2. Amylase — digestive juice enzyme. An increase in its level occurs in acute, chronic pancreatitis, other diseases (including tumors) affecting the pancreas.

• Amylase rate – 28-100 U / l.

3. Pancreatic amylase — P-type amylase. An increase in the level of P-type amylase occurs when the pancreatic duct is blocked by a tumor, stone, and in some other cases.

4. Creatine kinase (CK) is an enzyme that provides energy for muscle contraction. In the blood, it is present in different isomers. By increasing the concentration of individual isomers, an assumption is made about damage to muscles, myocardium, and oncological diseases.

5. L ipaza — digestive juice enzyme. A change in the norm indicates problems with the pancreas.

6. Vitamins . The standard BAC determines the concentration of vitamin B12. It is necessary, first of all, for hematopoiesis. An increase in the level of B12 occurs with diseases of the kidneys, liver, leukemia, a decrease in vegetarianism, inflammation of the gastrointestinal tract, and parasitic infections. The norm of vitamin – from 208 to 963.5 pg/ml. The BAC may include a test for the content of vitamins of group D. Deficiency of this vitamin is experienced by up to 60% of people around the world. Vitamin deficiency is expressed in rickets (children), muscle weakness, pain in the pelvic bones, lower back, legs. With vitamin intoxication (uncontrolled intake of vitamin-containing complexes), headaches, nausea, vomiting, a metallic taste in the mouth, acute pancreatitis, nephro- and arteriolocalcinosis occur.

• The norm for vitamin D2 is 0. 8-7 ng / ml, for vitamin D3 – 2.2-42.6 ng / ml.

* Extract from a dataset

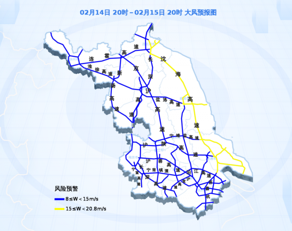 2月14日20时至2月15日20时,受冷空气影响江苏全省风力增大,陆上偏北风5级阵风6到7级。受大风影响的高速主要有:沈海高速、连霍高速、淮徐高速、新扬高速、京沪高速、长深高速、盐洛高速、宁靖盐高速、沪陕高速、沪蓉高速、宁宣高速、宁常镇溧高速、沪宜高速、沿江高速、苏嘉杭高速等。

Rules for preparing for analysis and passing the LHC

Many factors affect blood counts: food (including drinking water), habits, physical and mental state, bathing, medications, alcohol, smoking, etc. Therefore, to obtain accurate data, several requirements must be met:

• donate blood on an empty stomach, from 8 to 11 am (all laboratory indicators are calculated for this time, they change over the course of the day). Even water is recommended not to drink whenever possible. At least 8 hours should have passed since the last meal, ideally 12 hours;
• the day before, and preferably a few days before, you should give up heavy, fatty, fried foods, strong tea, alcohol, carbonated drinks, and other foods that can change the functioning of the liver, kidneys, pancreas;
• a day before the analysis, avoid physical, psychological overload, do not visit the bathhouse, solarium, do not do x-rays, fluorography, physiotherapy, ultrasound;
• a day before the analysis, refrain from taking medications.